Compounding matters is the reality that, the more the plot advances, the more running time is dedicated to the romance angle, concluding in an extended finale while Mata withers away in prison, visited by a blinded Alexis (an affliction suffered when his plane crashed during a flight back to Russia).  The final 10 minutes or so come across as a reprisal of The Passion of Joan of Arc, which arguably isn’t so surprising when one considers that Dreyer’s picture was released only 3 years prior.

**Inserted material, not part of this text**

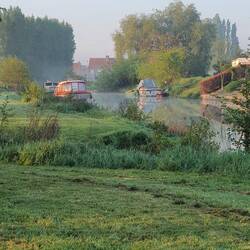 Dass ich mich nicht mehr gut zu Dingen hinunterbeugen kann, die auf dem Boden liegen, um die Hilfe eines anderen Menschen bitten zu müssen. Sie habe es gerne getan, ich bedanke mich herzlich. In Wienhausen fahren wir ans alte Allerwehr, ein Stück flussaufwärts liegt der Campingplatz, auf dem liebe Menschen übernachten, die wir vor drei Jahren in Spanien getroffen haben, an einem wunderschönen Platz.

Another curious detail that permeates the entire picture, although not one that hurts the film as much as the prior criticism, is that virtually none of the actors sound like the nationalities they are apparently playing. Ramon Navarro as Alexis sounds Mexican (guess what: he was Mexican), Lionel Barrymore sounds like the most American Russian in the history of American Russians, as does Henry Lewis sound American despite playing the head of what is supposed to be the Deuxième Bureau from France. As previously stated, this is less problematic than the dubious love angle, but nevertheless distracting early in the film.

Mata Hari feels like a case of what could have been. A shame really, especially with Greta Garbo brilliantly and deservedly earning the spotlight that shines so brightly. The film’s shortcomings thankfully don’t drag the final product too much, but one feels as if there was a great film here somewhere. Unfortunately it lost its way at some point. Mata Hari makes it to the finish line, but her wardrobe picks up a few stains during the performance.